(Dataset excerpts begins)
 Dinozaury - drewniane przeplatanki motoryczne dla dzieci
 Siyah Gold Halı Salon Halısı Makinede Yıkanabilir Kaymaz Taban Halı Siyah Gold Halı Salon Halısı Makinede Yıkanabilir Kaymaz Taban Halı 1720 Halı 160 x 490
(Dataset excerpts ends)
(Dataset excerpts begins)
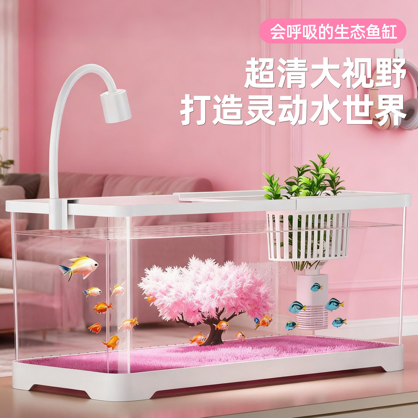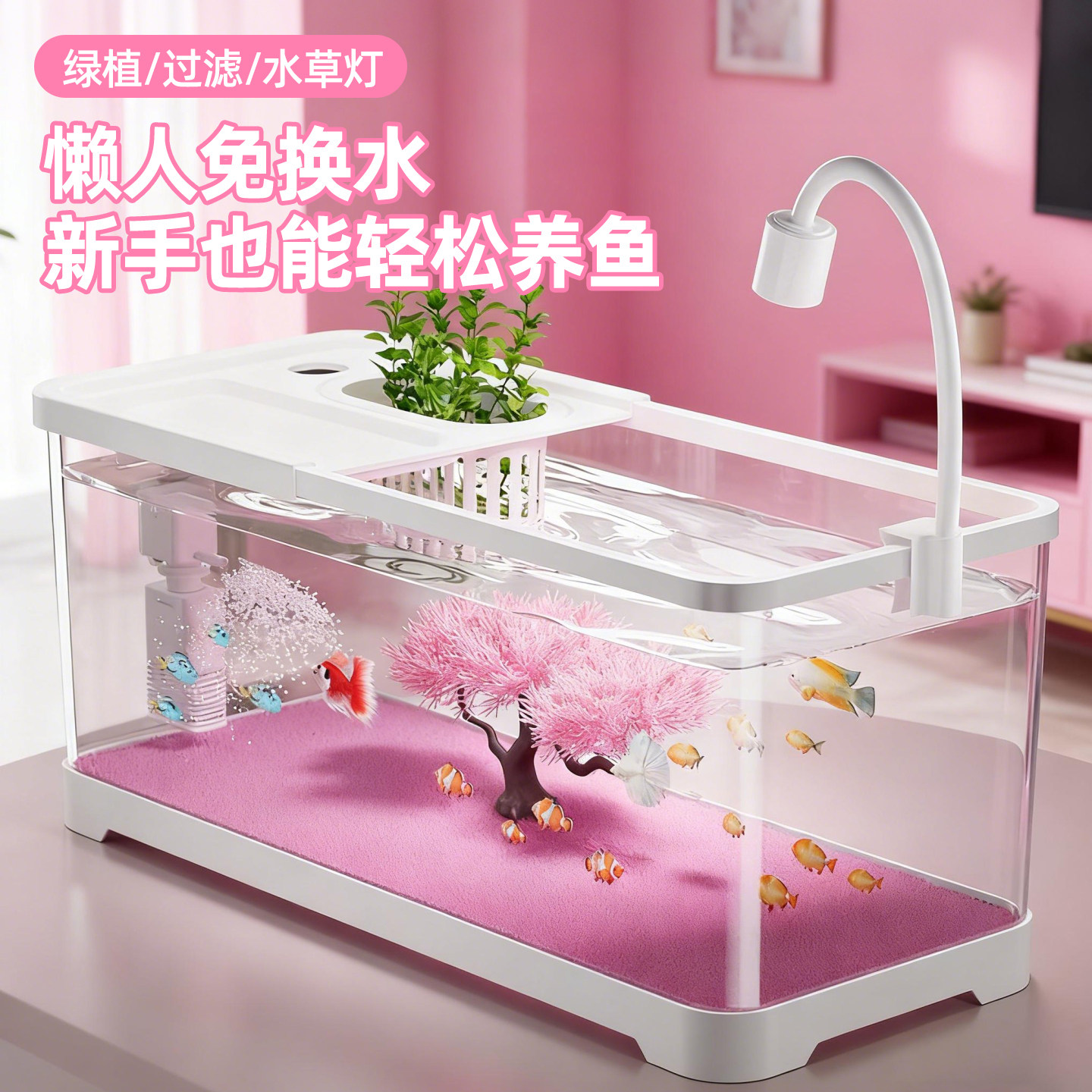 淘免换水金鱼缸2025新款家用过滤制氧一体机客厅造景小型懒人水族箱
(Dataset excerpts ends)
Task to carry out: Copy the lines of the data above exactly as written, beginning with the line containing "Dinozaury - drewniane" and ending with the line containing "Halı 160 x 490", and leave out all other lines.

Response for this exercise:
 Dinozaury - drewniane przeplatanki motoryczne dla dzieci
 Siyah Gold Halı Salon Halısı Makinede Yıkanabilir Kaymaz Taban Halı Siyah Gold Halı Salon Halısı Makinede Yıkanabilir Kaymaz Taban Halı 1720 Halı 160 x 490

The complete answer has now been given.